Following the DI’s lead, various Christian blogs are accusing Judge Jones of plagiarism. See, for example, Agape Press, World Net Daily, and very sadly Evangelical Outpost. (EO is usually much better than this.)
Now the Di has a backgrounder report that makes it clear that they do not accuse the judge of plagiarism or of any unethical conduct. I wonder how come so many of their fellow Christians misunderstood the DI? Were they not clear intheir earlier reports?
As far the backgrounder report goes, the DI is technically right. There’s nothing wrong with the way Judge Jones wrote the Dover opinion. After acknowledging the obvious, they then sprinkle fertilizer over the acknowledgement by asking rhetorically if judges don’t routinely borrow from the proposed findings."
They ask, Don’t judges do this all the time?
Their answer:
Not to such a high extent of copying that Judge Jones employed. While there is no absolute prohibition against what Judge Jones did, the Associated Press reports that a legal scholar at the Louis Stein Center for Law and Ethics at Fordham Law School explained that it is “not typical for judges to adopt one side's proposed findings verbatim."
This is deceiving for three reasons.
Why? First, the DI elsewhere stated that Judge Jones did not adopt one side’s facts verbatim. What he did do--extensive and liberal borrowing--is indeed routine. Therefore, the Fordham “quote” is not applicable to this situation. Third, the Fordham “quote”isn’t realy a quote. You’ll notice that this is cleverly a second hand reference to an AP report.
Here’s what the source actually says:
Bruce Green, director of Louis Stein Center for Law and Ethics at Fordham Law School, said although it is not typical for judges to adopt one side's proposed findings verbatim, they cannot face sanctions for doing so. "There's not a rule that categorically forbids it," Green said. "Courts have sometimes criticized the practice, especially when it looks like the judge didn't do any independent thinking.
Again he’s only criticizing verbatim adoption of one side’s proposed findings, which admittedly didn’t happen here. He doesn't have anythingot say about selctive and extensive quoting that is a routine and expected part of federal judicail decisions. The use of this quote at this location is deceptive.
What do courts say about what did happen here--verbatim adoption of parts of one side's proposed findings?
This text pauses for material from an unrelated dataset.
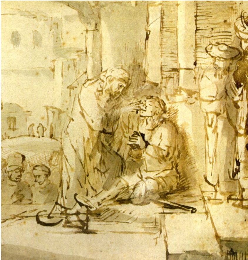
Rembrandt Heilung des Blindgeborenen am Sabbat Im Koran wird dieses nur im Johannesevangelium berichtete Wunder Jesu in Su 5,110 genannt

Zur unteren Ebene der Brote fügt der persische Künstler dieses Bildes das Gespräch am himmlischen Tisch mit dem Brot Gottes mit irdischen Hörern hinzu. Im Koran wird die obere Ebene mit den Worten angesprochen: „Fürchtet Gott, wenn ihr wahre Gläubige sein wollt.“

Each party, if he so desires, may present findings setting forth his theories and evidence which he thinks support those theories and it becomes duty of court to select findings which it thinks are correct; if all or any part thereof are wrong they should be rejected and they may be restated in other language if court so desires, or they may be adopted as requested if court so desires; if court adopts them they become court's findings regardless of who wrote them. Taylor Instrument Cos. v Fee & Stemwedel, Inc. (1942, CA7) 129 F2d 156.
While burden and responsibility to make findings of fact and state conclusions of law thereon are primarily upon trial court, counsel for parties, especially prevailing party, have obligation to a busy court to assist it in performance of its duty in this regard. Dearborn Nat'l Casualty Co. v Consumers Petroleum Co. (1947, CA7 Ill) 164 F2d 332.
By having prevailing party submit proposed findings of fact and conclusions of law, trial judge followed practical and wise custom in which prevailing party has obligation to busy court to assist it in performance of its duty under Rule 52(a). In re Woodmar Realty Co. (1962, CA7 Ind) 307 F2d 591
Technique to be utilized by trial judge in complex cases--which accommodates requirement of specialized assistance in preparation of findings of fact to rule that such findings are to be his and his alone--is for counsel for party who is due to prevail in tentative opinion of trial court to submit proposed findings of fact and conclusions of law to court with copy to adverse counsel, and thereafter at hearing attended by counsel for all interested parties, court will enter findings and conclusions as proposed or as appropriately modified. Keystone Plastics, Inc. v C & P Plastics, Inc. (1975, CA5 Fla) 506 F2d 960.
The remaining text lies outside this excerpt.